One of the worst parts of the 2020 presidential race is how easy it is for “moderates” to take up the perceived better “center” position. The worst example is for universal healthcare. The center is put between what we currently have and what Bernie is proposing. However, even this center position is hard to follow through with since relative to the planet we are the extreme, even the moderate’s center position. Bernie has a normal plan actually. However, it is still somewhat interesting to see where this method of taking the center comes from and why the “enlightened centrism” jokes accurately depict what has gone wrong
In Nicomachean Ethics, Aristotle wanted to define what being virtuous is. He saw that for many virtues, there were two extreme ends and one “middle” part. For example, too much courage is just being rash and too little courage is being a coward. Courage is somewhere in the middle, but he does not say that it is exactly the middle. For courage, he says that it is closer to being rash than it is to cowardice. This is due to the fact that most people are cowards so the courageous person cannot be close to the cowardice end. Similarly, most people look at the courageous person like they are rash when in reality they are just being virtuous.
This virtuous mean only works for certain things though. He says that there is no mean for murder. This makes sense because there is no extreme ends for murder, it is not like between no murder and some other extreme there is a virtuous mean to be found. Someone who murders another immediately shows that they are not virtuous. So even Aristotle posited that there are things that there is no mean to be found in.

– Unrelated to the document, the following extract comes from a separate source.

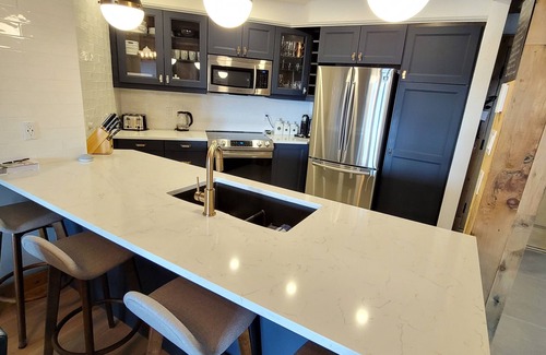 Kitchen - features a deluxe fully equipped kitchen with heated floors and full size stainless steel appliances, french door fridge/freezer, and GE dishwasher, new Samsung electric range and all kitchen accessories have been replaced (coffee maker, kettle, toaster, dishes, flatware, glasses, pots and pans, blender etc) so you can be rest assured that we have everything you need. Also included is a Nespresso Vertuo Coffee machine. You will love the breakfast bar with seating for four that opens to the living and dining room.

Rosseau thought that the solution to the problems of civil society meant participatory democracy. For a state, the only way to counter the unruly social emotions of amour propre, jealousy, and back-door party politics, everyone needs to get in a room and talk about the problems at hand. Additionally, people cannot talk about politics outside of it. Everyone is supposed to lay out their arguments and their facts for their case and everyone’s case. If people talk about things outside of this room, then it makes it possible for people to be convinced in private and not in public, defeating the purpose of the general will.

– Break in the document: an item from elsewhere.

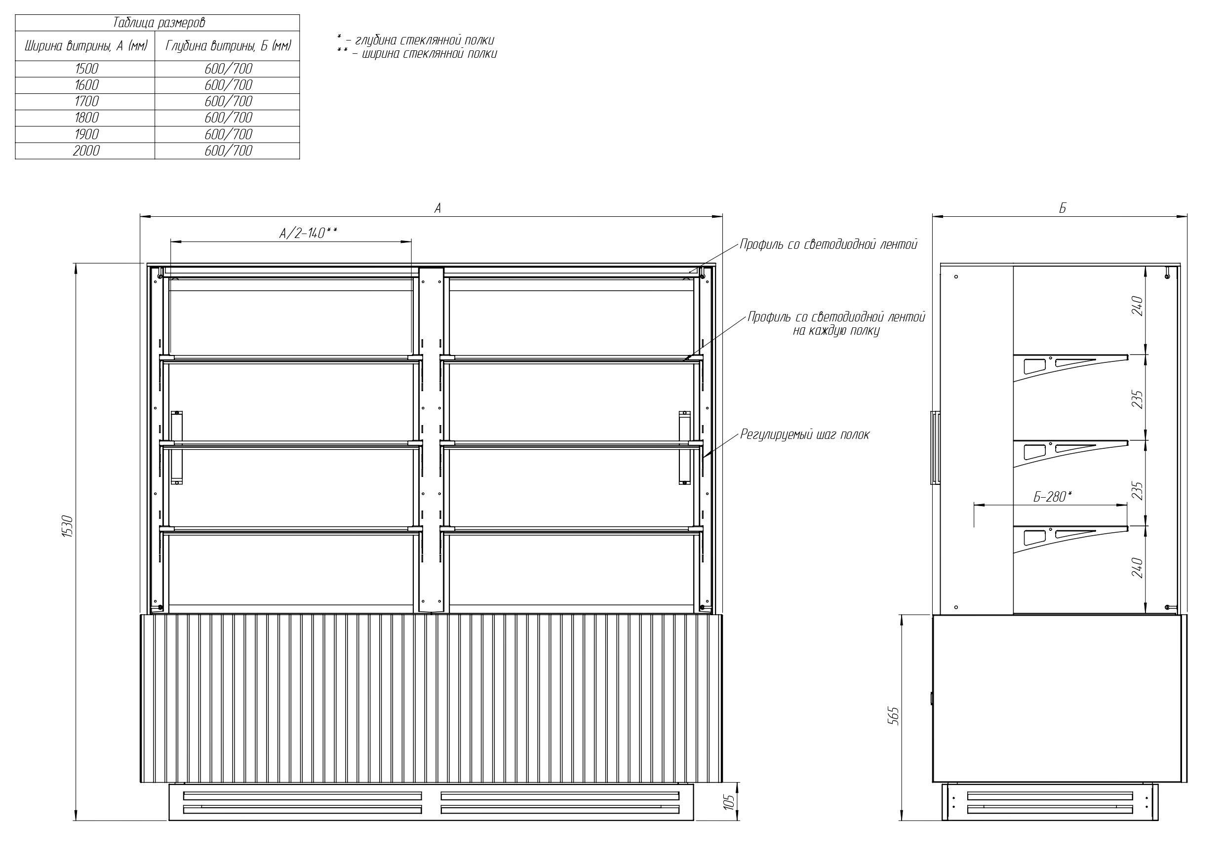 Витрина кондитерская Finist AIR DOUBLE LUX ADL-160-6-153

The general will works like this. Say there is a town that needs to build a road. The town can only afford to build a certain number of miles of road at this point. They figure out that the best way to do it now is to have a main road that fits the most people. One citizen objects and says that they are going to have to pay the same amount of taxes for the road despite them not being able to use it since they live far away. The people see his complaint and they give him so options to accomade his valid concern. They can make it such that the people who benefit off the road are going to be be the ones who pay the larger share of taxes and/or they can put in a plan to make sure that once they pay off that road they will then move out to the homes that are farther away.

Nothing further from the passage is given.